Another bone of contention related to legislation is the authors’ claim that the Palestinian reconciliation is based on international laws and treaties that have been drawn up by international organisations such as the United Nations and the Arab League. Since these are, in the authors’ view, “infidel” organisations themselves, they are not to be followed. Moreover, isn’t the United Nations the organisation that has adopted a string of resolutions “that have destroyed Palestine and have allowed crimes against the Muslims, their houses and their possessions”? The international and regional support this reconciliation enjoys, the document suggests, shows you that it’s utterly wrong.
The final obstacle that the authors discern in the Palestinian reconcilliation is the implicit recognition of Israel that it entails. They point out that Muslim scholars agree that jihad is an individual duty (fard ‘ayn) if a non-Muslim enemy occupies as much as an inch of Muslim land. Nevertheless, the authors state, Fatah is not ashamed to proclaim openly that they accept and recognise Israel’s right to exist and its right to live in freedom and security on “the lands occupied in 1948″. This is bad enough to the authors, of course, but Fatah’s reconciliation with Hamas at least implies that the latter will go along with this. Didn’t Hamas’s Khalid Mish’al himself talk about cooperating with Fatah “to realise the shared national goal”, which he mentioned as being the founding of “a free Palestinian state and complete self-determination on the land of the [West] Bank and the [Gaza] Strip with Jerusalem as its capital without any settler”? The authors seem to assume that this is not only a shared goal between Fatah and Hamas but also the latter’s final goal. If it is, the author’s suggest, Hamas is openly violating its duty to wage jihad against Israel.
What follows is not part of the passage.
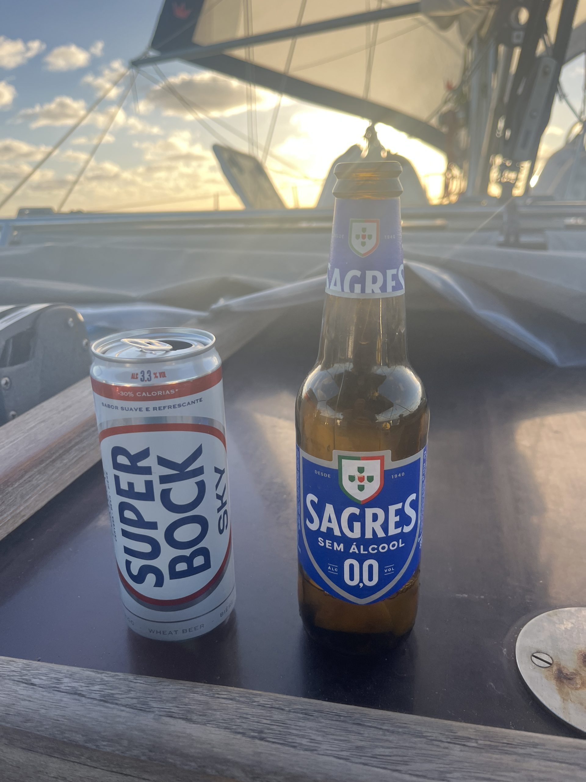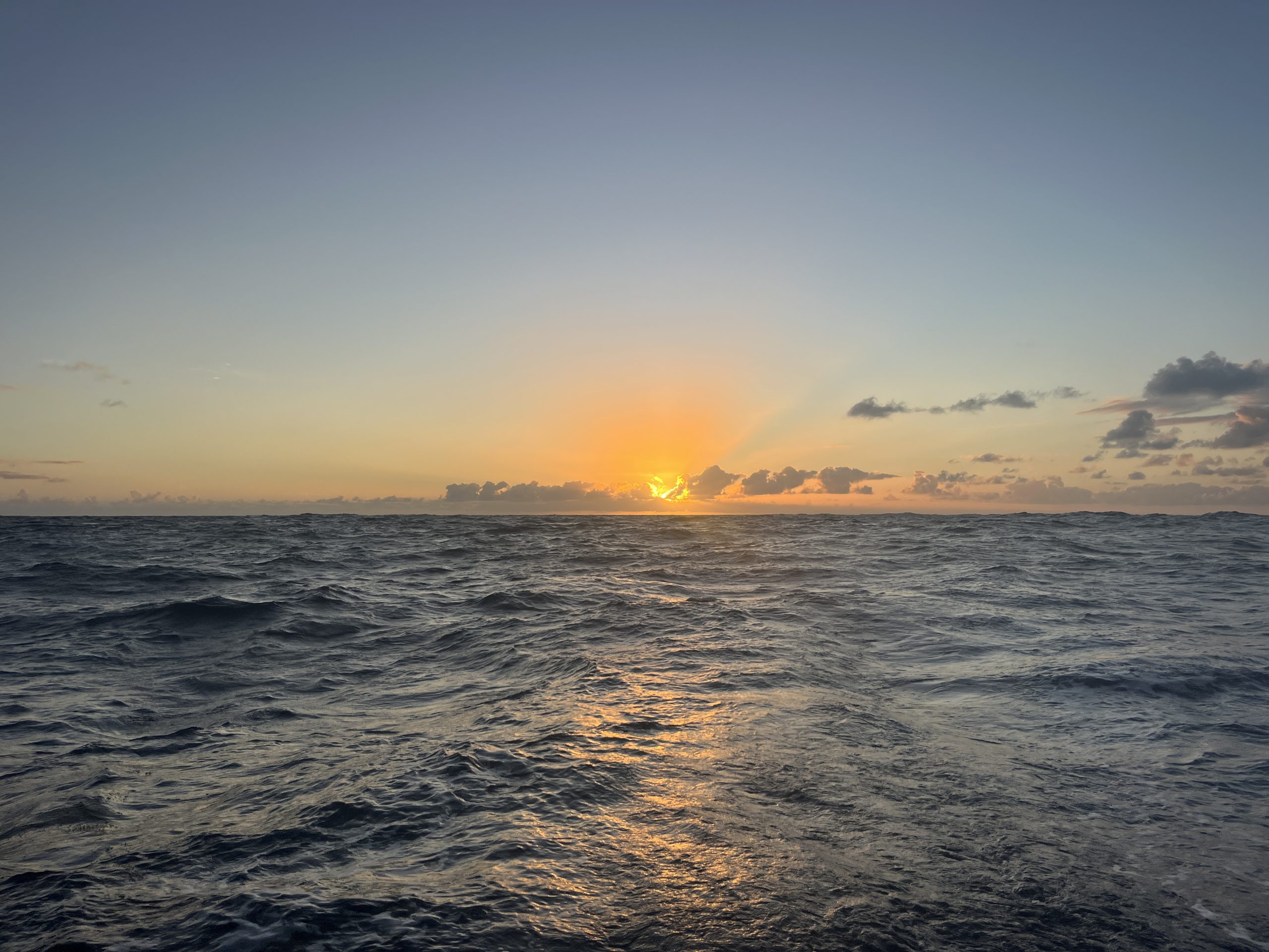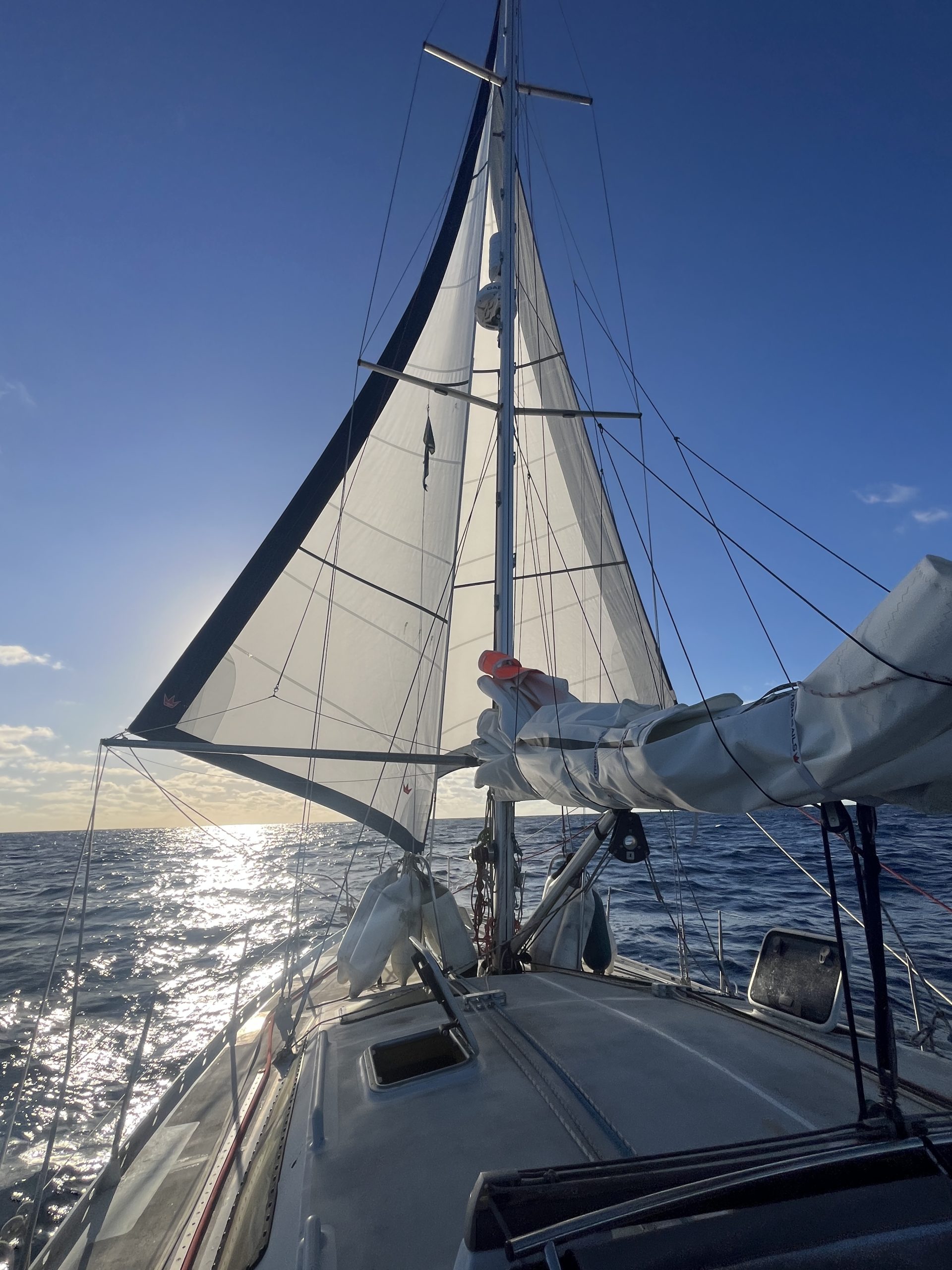 Naja, weil der Wind dann nachließ und die Segel nur noch in der Welle hin und her schlugen, haben wir kurz vor dem Sonnenuntergang doch noch einmal das Groß komplett runtergeholt und die Fock nach Backbord ausgebaumt.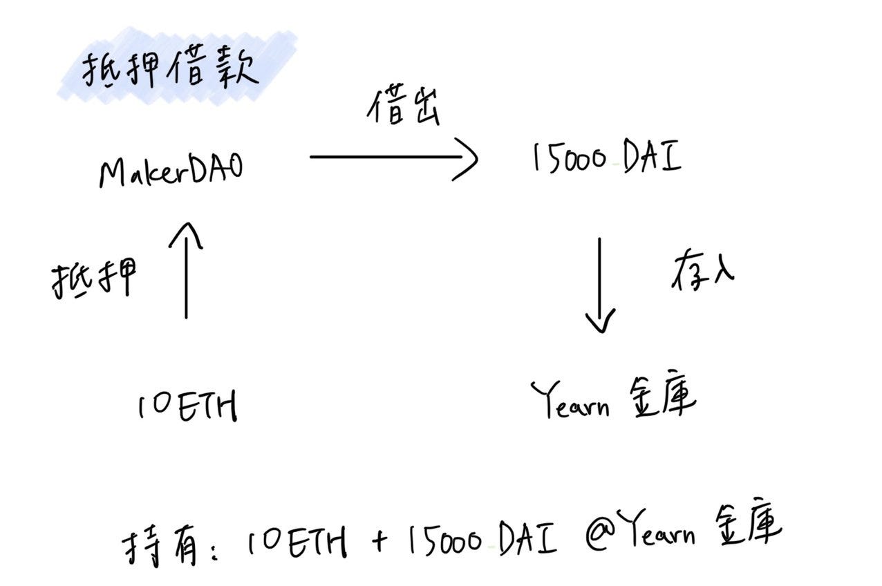 假如每顆 ETH 價格是 3,000 DAI,投資者也可以將額外借來的 15,000 DAI(等值 5 顆 ETH)拿去 Yearn 金庫²賺穩定幣收益。等於是拿原本的 10 顆 ETH 在賭幣價上漲,而借來的 15,000 DAI 在賺穩定幣利息。

What is interesting in all of this is the important role legislation plays. Many of the arguments (no recourse to Islamic law in reconciliation, no government on this basis, reliance on international law, support from regimes and organisations that apply “man-made laws”) focus on this issue and only one argument points to Fatah’s more conciliatory stance towards Israel. Only as an afterthought do the authors add the alleged betrayal of Palestinian President ‘Abbas by supposedly encouraging Israel to wage war on Gaza in late 2008 and early 2009. This portrays the Jama’at al-Tawhid wa-l-Jihad – Bayt al-Maqdis as pious and very concerned with doctrine, even to the point of apparently attaching more value to it than to political reconciliation. Whether this is going to be a very popular stance among Palestinians in general is highly doubtful.